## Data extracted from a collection
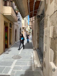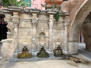 Our next stop some 20 minutes away was the old town of Rethymnon with it’s venetian era harbor and narrow winding streets including vestiges of a Minaret when the church was converted into a Mosque during the Ottoman occupation and is now a conservatory of music. After wandering around the town and getting a bit lost, we ended up in a local taverna for a Greek Coffee and a baguette with olive paste, eggplant and feta cheese.
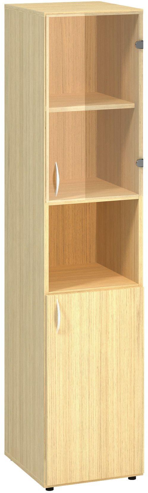 Policová skříň ALFA 500 úzká, 5M (2M pravé dveře / 1M nika / 2M pravé dveře sklo), dub vicenza
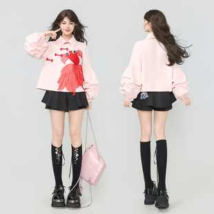 裙2026夏季 KEIKO 卡通刺绣裤 裙半身裙裤 松紧高腰宽松显瘦休闲短裤
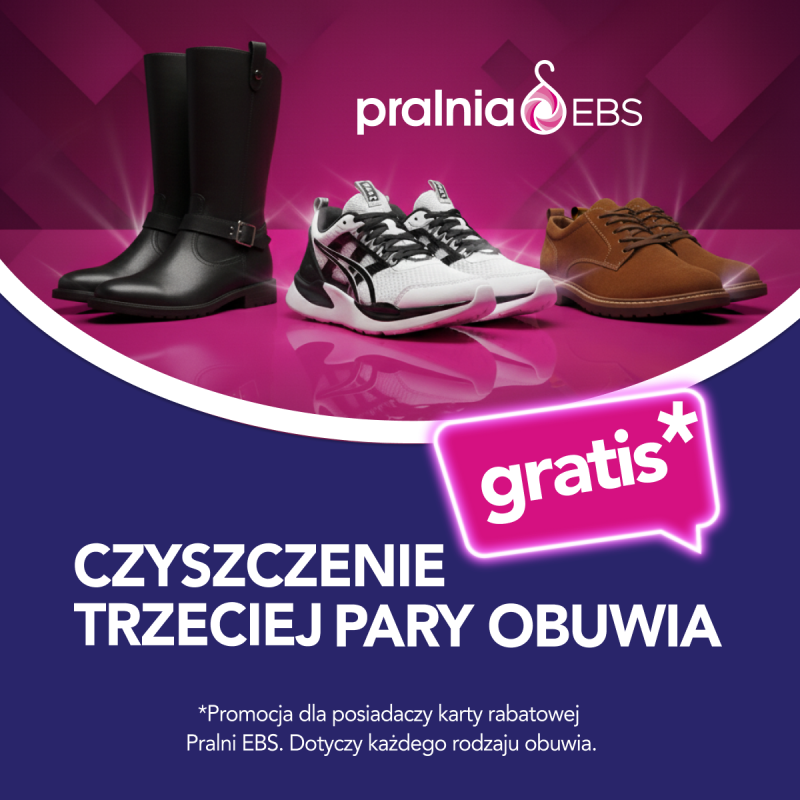 Od 1 grudnia 2025 do 15 stycznia 2026 trwa promocja: przy oddaniu minimum 3 par butów trzecia para (najtańsza) jest czyszczona gratis z kartą rabatową Pralni EBS.
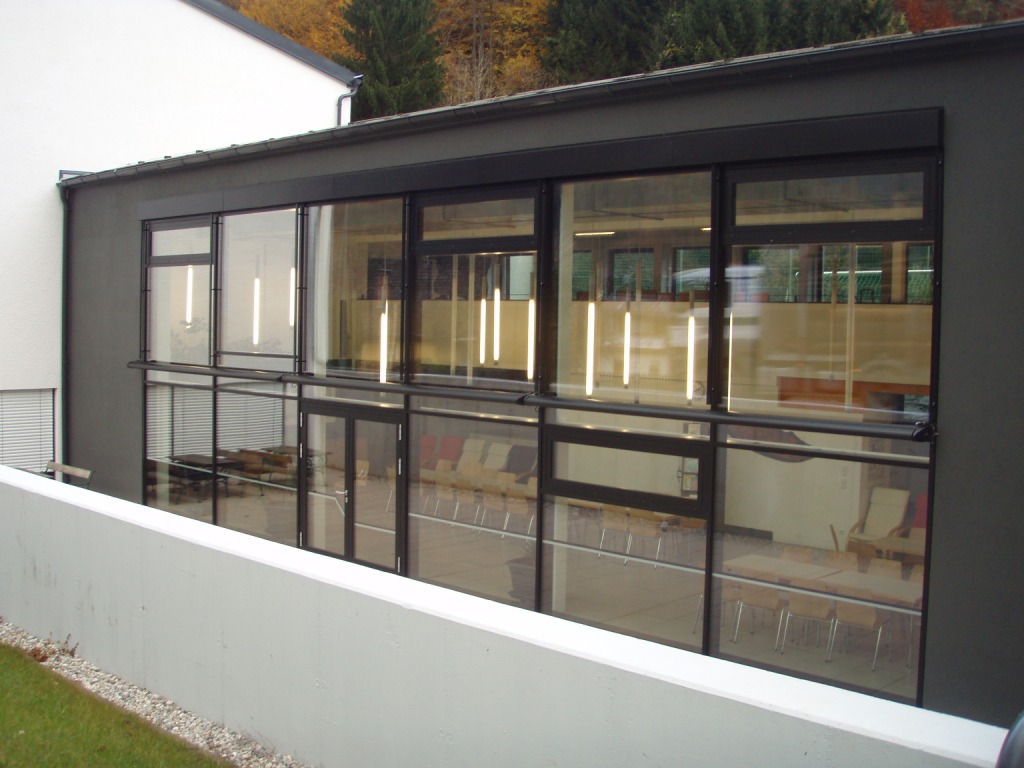- Die bestehenden Fenster, mit einem durchschnittlichen U-Wert von 2,56 W/(m²K), wurden durch neue Alu-Fenster, mit einem U-Wert von 1,21 W/(m²K), ersetzt.

## What to work on
Your task is to copy the entries in full and exactly, without any images.

## Your solution
 Our next stop some 20 minutes away was the old town of Rethymnon with it’s venetian era harbor and narrow winding streets including vestiges of a Minaret when the church was converted into a Mosque during the Ottoman occupation and is now a conservatory of music. After wandering around the town and getting a bit lost, we ended up in a local taverna for a Greek Coffee and a baguette with olive paste, eggplant and feta cheese.
 Policová skříň ALFA 500 úzká, 5M (2M pravé dveře / 1M nika / 2M pravé dveře sklo), dub vicenza
 裙2026夏季 KEIKO 卡通刺绣裤 裙半身裙裤 松紧高腰宽松显瘦休闲短裤
 Od 1 grudnia 2025 do 15 stycznia 2026 trwa promocja: przy oddaniu minimum 3 par butów trzecia para (najtańsza) jest czyszczona gratis z kartą rabatową Pralni EBS.
- Die bestehenden Fenster, mit einem durchschnittlichen U-Wert von 2,56 W/(m²K), wurden durch neue Alu-Fenster, mit einem U-Wert von 1,21 W/(m²K), ersetzt.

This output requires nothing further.